1. I initially had some problems when I first booted whereby i received errors attempting to mount the boot drive – error 19. I cycled the power a couple of times, and booting was successful.
2. Once it booted, I got the debug message alerting me that the disk had been resized and I needed to commit the changes using gpart. Unfortunately, when i plugged in my keyboard, it was unable to detect it correctly and after several tries, ignored it. I’m unsure if this is something to do with my USB keyboard or perhaps support for the usbhub wasn’t great. I haven’t investigated further hence the option to SSH.
3. On third reboot, everything worked as normal. I could see the Ethernet link go to UP state and I was prompted to login. At this point, I navigated on my Macbook to my routers web UI and obtained the IP for the DHCP lease. I quickly made a static entry based on the MAC to ensure it always received the same IP using DHCP. At this point, I was able to login over SSH using the username ‘pi’ and password ‘raspberry’
4. After login was successful, I quickly created a new user account and added it to the group wheel. I also locked out the pi account using ‘pw lock pi’.
5. At this point, you’ll need a package manager to install applications. There are two options here. (1) Use the ports collection – this allows you to build applications from source. (2) you can use pkgng in order to install pre-built binary images. Unfortunately for us, there is no official ARM packages built for FreeBSD. There are some unofficial ones out there but most of the ones I came across are not maintained and have pretty old packages. Instead, I opted to go down the ports route (which is slow as you’ll have to compile everything) but acceptable for a playbox. You can perform (as root) ‘portsnap fetch && portsnap extract’ in order to download and extract the latest ports collection. This will take HOURS. I ran out of patience and instead downloaded the ports package directly to the RPi and extracted it. You can also shutdown, remove the SD card and merely extract the entire ports collection directly onto the SD card using another machine. This is probably the fastest option as it took me a couple of hours to extract the ports collection correctly.

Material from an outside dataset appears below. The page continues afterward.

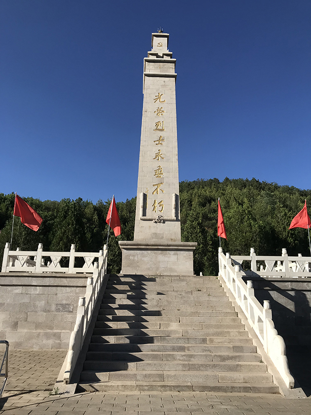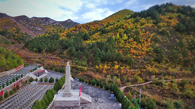 這座紀念碑是陵園的主體建筑之一,碑身面積152.8 平方米,高14.8 米,碑身用596 塊花崗巖石塊砌治而成,碑身正面鐫刻著聶榮臻元帥的題詞“光榮烈士永垂不朽”,碑身背面鐫刻著段蘇權將軍的題詞“英雄的戰士,堅強的人民,他們的不朽業績永垂不朽”。紀念碑高大雄偉,站在數百米外就可以瞻仰它的雄姿,青山相依,綠水為伴,象征著革命烈士的革命精神,代代相傳,萬古流芳!

6. To keep ports updated, I went the subversion route instead of using portsnap. In this case, you can merely run ‘svn checkout https://svn0.us-east.FreeBSD.org/ports/head /usr/ports’. I added this line to a cronjob to run once a week around 3am. Obviously, selecting a mirror close to you is best. Details for this are covered in the FreeBSD Handbook.

Downloads

I’ve uploaded the image I made in this post for download to save you the hassle from above if you’re looking for just a standard stock image to boot from. You can grab it from my Redbrick Account.